Author POV
Fafa, untuk nama lengkapnya ... dia malas memberi tahunya. Hari itu saat dia pertama kalinya merasa putus asa dan sudah mempersiapkan bunuh diri setelah diperlakukan dengan begitu hina seperti itu, namun Jie-soe datang padanya dan mengulurkan tangan.
Dengan wajah yang babak belur cowok itu menggunakan punggungnya untuk melindungi Fafa, tentu sebagai gadis lemah yang tak bisa melakukan banyak hal dia merasa senang ada yang mau menolongnya. Terlebih itu Jie-soe, adik kelas yang pernah ditemuinya beberapa waktu lalu.
Ah sejujurnya Fafa senang rasanya karena Jie-soe datang bak malaikat penyelamat tepat sebelum sesuatu yang selama ini dia jaga diambil secara paksa, pasti laki-laki itu juga tahu kalau dia tak ingin melaporkan kasus ini pada pihak sekolah makanya sampai sekarang pun tak terdengar desas desus apapun.
Hanya saja kebahagiaan Fafa lenyap seketika kala itu, kala Jie-soe bertanya siapa namanya.
Padahal seingat gadis itu ia sendiri yang menyebutkan namanya pada Jie-soe, meski dengan suara lirih dan tatapan malu-malu tapi bukankah seharusnya adik kelasnya juga bisa tahu nama dari kontak ponsel yang Fafa berikan kala itu?

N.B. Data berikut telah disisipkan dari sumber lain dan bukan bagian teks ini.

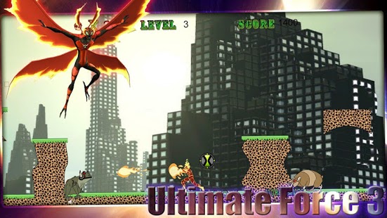 Ben10 Ultimate Force 3 is an action packed platform based fighting game. In this game, you have to play as Ben 10/Fireman and fight against all odds on your way to reach the endpoint in one piece for qualifying to the next level. To move around Ben 10 and Fireman you have to use your arrow keys, to attack your enemies press space bar. There are gadgets that you need to grab to transform from Ben 10 Fireman or from Fireman to Ben 10. Kill all enemies on your way before they attack and kill you. Move around carefully without falling from the ramps. Clear all exciting 15 levels and enjoy the game.
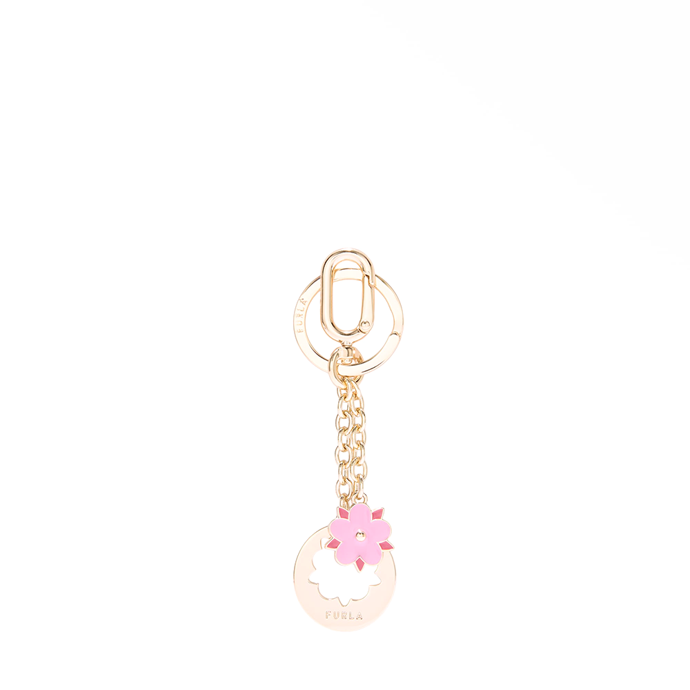 Il ciondolo smaltato con forma a fiore caratterizza il portachiavi Furla Crystal. Sovrapposto al cerchio in metallo forato, è perfetto per tenere in ordine chiavi o per diventare un dettaglio distintivo di borse e accessori.

Lantas kenapa Jie-soe malah bertanya, dan bahkan setelah memberikan seragamnya hanya menatapnya sekilas lantas menuju ke dekat pintu? Cowok itu tampak sibuk menelpon lantas dalam beberapa saat ada cowok lain yang ia ketahui cowok itu bernama Gibran datang membawakannya seragam lengkap.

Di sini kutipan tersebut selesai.